Globalisation has yielded both opportunities and threats to the success of the company on the international scene. This paper focuses on the opportunities and threats presented by globalisation for decision-makers. It also includes lessons that managers of international businesses should learn between home and host country differences in achieving success. Opportunities Presented by Globalisation ZTE’ s global growth strategy is evident in one of its vision statements that state that the MNC should become a truly local and global company by 2008. By so doing, the firm intended to reap 50% of its revenue from the international market.
The vision statement turned out to be a reality since the firm has emerged to be one of the largest manufacturers of mobile phones in the world. There are a number of opportunities presented by globalisation that have influenced decision making and are responsible for the massive success of the company in the international arena. They include the increased market for products, cost incentives, government incentives, and increased competitive forces (ZTE. com, 2016). Global Markets Globalisation subjected ZTE to global consumers thereby paving the way for the firm to generate additional revenue from foreign customers (Jiang 2005).
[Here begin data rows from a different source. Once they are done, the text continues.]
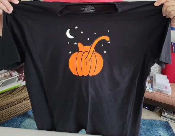 I trimmed him to size, backed him with some black glittery felt, and added a shiny hanging loop.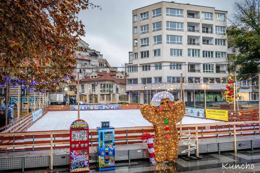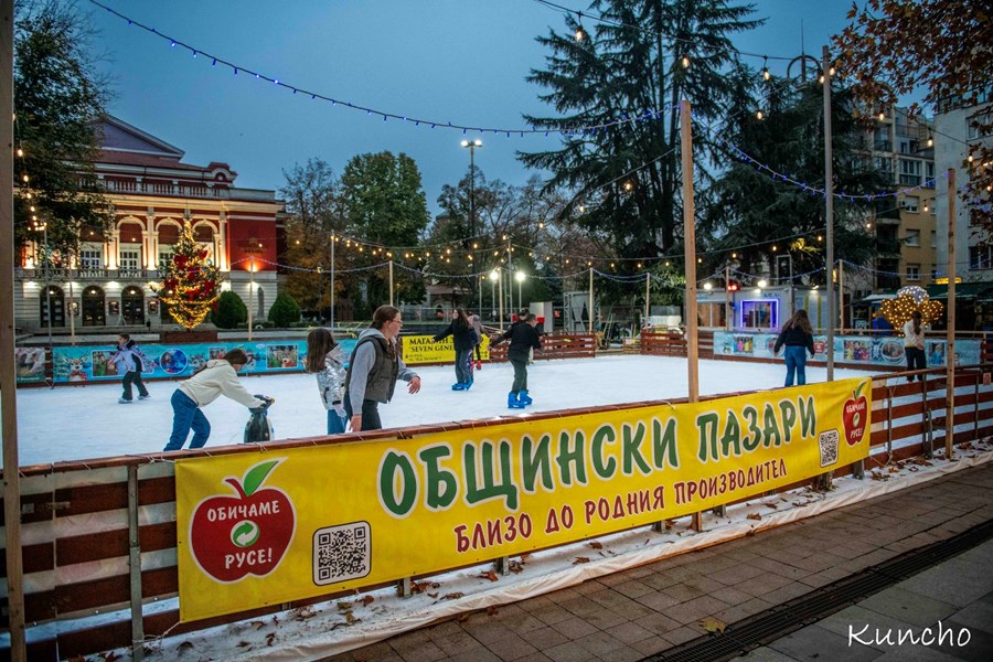 Коледният базар и ледената пързалка са разположени на традиционното си място в центъра на Русе. Тази година съоръженията и къщичките отново създават уютна атмосфера, допълнена от празничните светлини.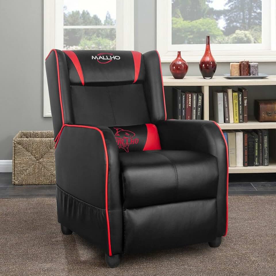 Luxurious Comfort, Heavy Duty Components, Reliable Functional Gaming Recliner Chair PU Leather Vibratory Ergonomic Lounge 8 Function 3 Intensity Levels Sturdy Recliner Sofa Wider Curved Armrests, Red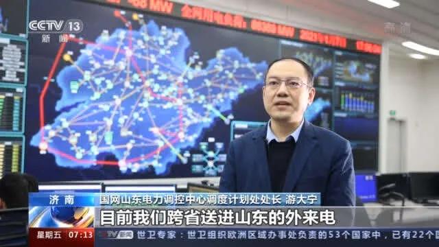 國網(wǎng)山東電力調(diào)控中心調(diào)度計劃處處長 游大寧:目前,我們跨省送進山東的外來電,占到了所有負荷的22%,并且,全省光伏、風電出了很大力,首次突破1800萬千瓦,占比接近20%,為我們保障用電安全提供了有力支撐。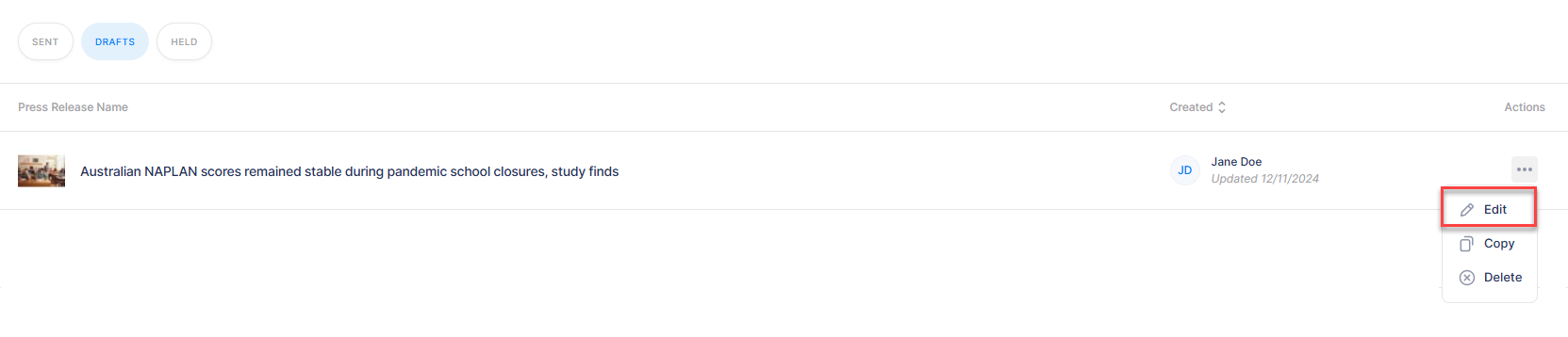 You can then click on the three dots next to the daft press release to edit it.
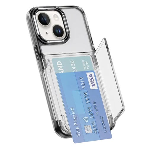 Estuche para Teléfono TPU Híbrido Acrílico con Tarjetero para iPhone 13 (Negro Transparente)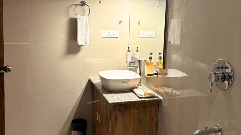 Modern fittings, a spacious shower, 24×7 hot & cold water, fresh towels, and quality toiletries for a clean, comfortable experience.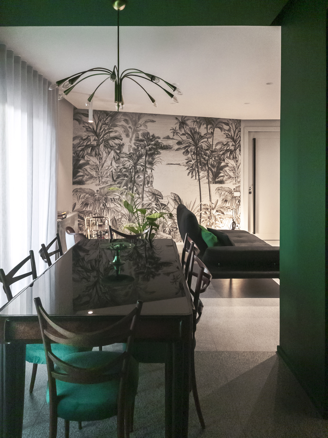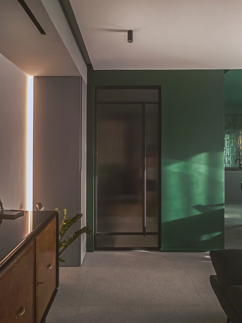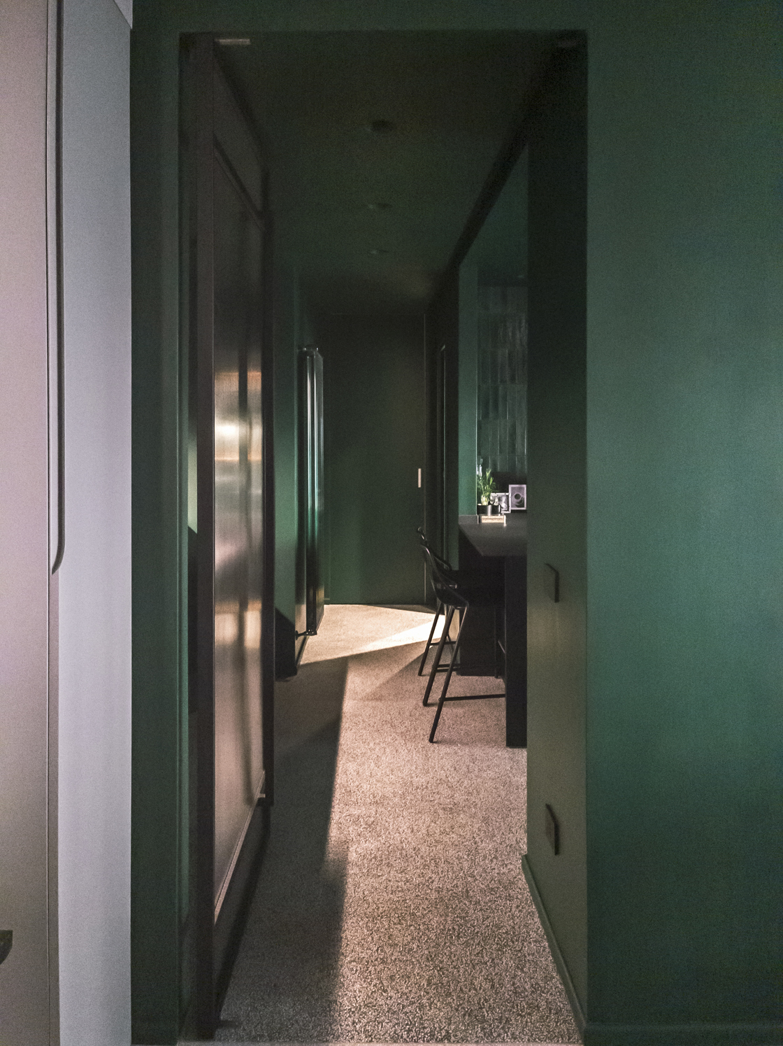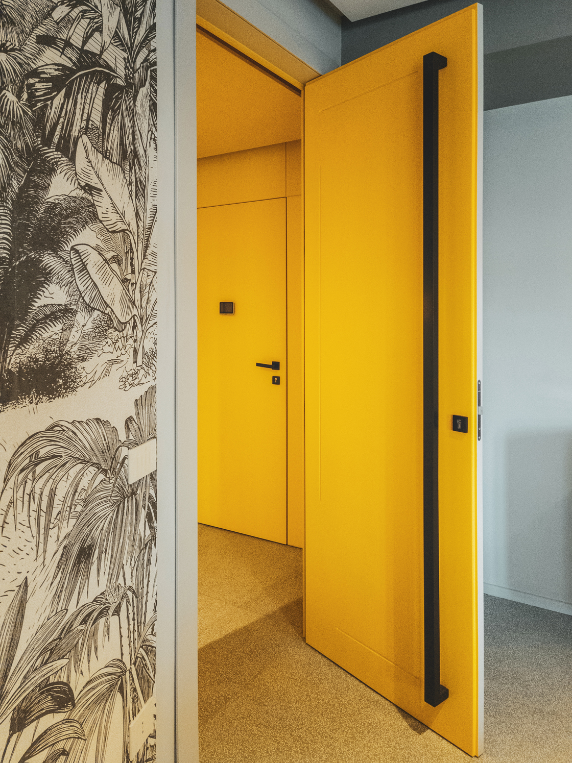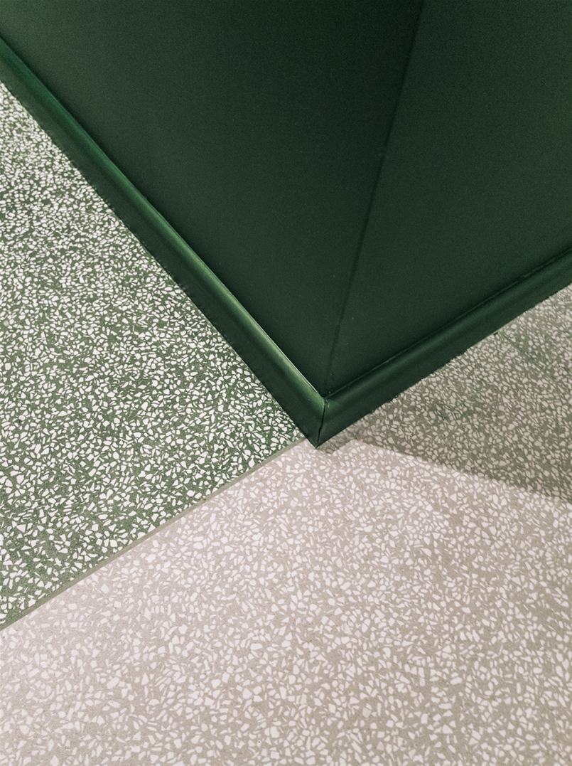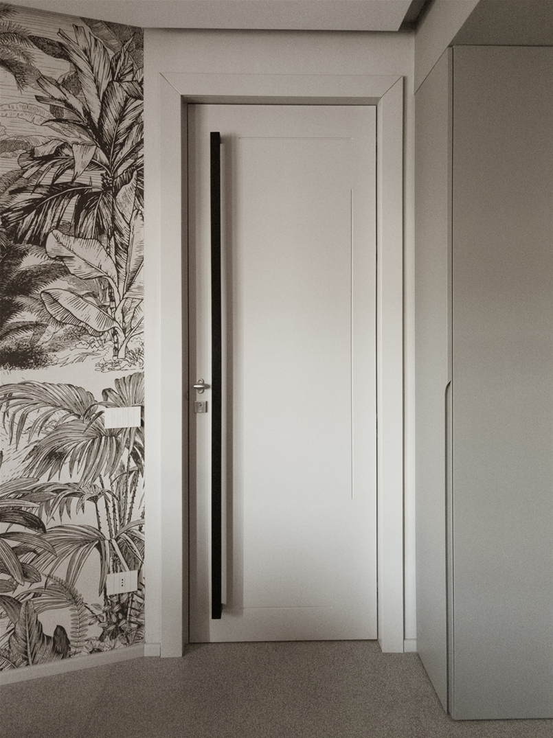La raffinatezza luminosa di Piece Light impreziosisce lo studio e la zona living, mentre il verde intenso e naturale di Piece Alpi dona eleganza alla cucina, creando un’atmosfera accogliente. Per la zona notte è stata scelta la sofisticata profondità di Piece Dark, capace di rendere intimo e rilassante qualsiasi ambiente; mentre Master Coal, selezionato per una superficie di circa 20 mq, si distingue per il suo tono deciso e profondo, conferendo un tocco di classe all’intero progetto.

Just like other global vendors of telecom equipment, the continued success of ZTE depended on its ability to avail its products to the international market (ZTE. com, 2016). At the time of embracing globalisation, the world’ s top 10 mobile operators served the needs of the global market. There were approximately 900 customers of mobile wireless services that required a stable supply of mobile devices. The realisation acted as an incentive for the decision of ZTE to venture into the global market.
ZTE realised that the customers were evenly distributed all over the world. As a result, it was imperative for the decision-makers in the company to extend its operations as a vendor of telecom devices so as to meet the rising customer demand. The emergence of global markets due to globalisation implied that telecom vendors realised much of their revenue from global customers as compared to local ones. For instance, 90% of revenues generated by Nortel, Nokia and Ericsson originated from global markets that were outside their home countries. Increased revenue from foreign markets was as a result of the fact that foreign markets are usually larger than domestic markets.
As a result, firms that intended to attain higher revenues had to globalise their operations into the global market rather than focusing on home markets. The ability of ZTE to capitalise on global customers and lead countries turned out to be the main opportunities presented by globalisation with regard to global markets (Jiang 2005).